### What you need to do
Pictures stay out of the copy, which must hold exactly the lines from the one containing "Ingen nagg eller" through the end of the material below.

### Data for the task
== Segment start ==

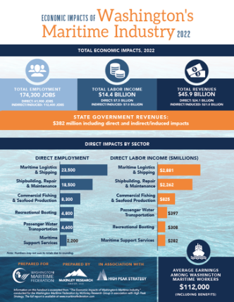 The Washington Maritime Federation released the Washington State Maritime Sector Economic Impact Study 2022. The study details an industry that is a foundation of our state’s economy and a leader in innovation and sustainability.
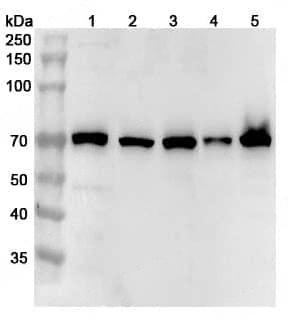 Western blot analysis was performed using anti-RIOK3 polyclonal antibody at 1µg/ml on various samples.Lane 1:NIH3T3 cell lysateLane 2:Jurkat cell lysateLane 3:K562 cell lysateLane 4:Mouse testis lysateLane 5:Rat testis lysate
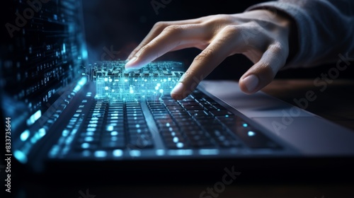 A programmer intently working on a computer code, fingers flying across the keyboard,
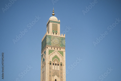 © Elodie, Fototapeta premium Hassan II mosque and its minaret, in the city of Casablanca, Morocco
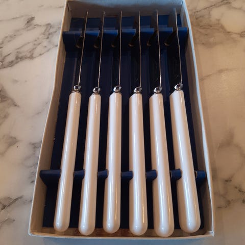 Ingen nagg eller hakk, men har en liten flekk (synes vel på bilde) på skålkanten, og en flekk på stetten med litt fargenyanse(skyldes nok produksjonsfeil)
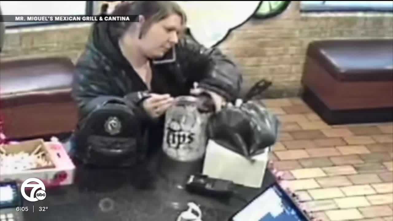 WARREN, Mich. (WXYZ) — A Warren restaurant has released surveillance footage showing a customer stealing a tip jar containing about $30 meant for teenage hostesses at Mr. Miguel's Mexican Grill and Cantina.

== Segment end ==

### Task output
 Ingen nagg eller hakk, men har en liten flekk (synes vel på bilde) på skålkanten, og en flekk på stetten med litt fargenyanse(skyldes nok produksjonsfeil)
 WARREN, Mich. (WXYZ) — A Warren restaurant has released surveillance footage showing a customer stealing a tip jar containing about $30 meant for teenage hostesses at Mr. Miguel's Mexican Grill and Cantina.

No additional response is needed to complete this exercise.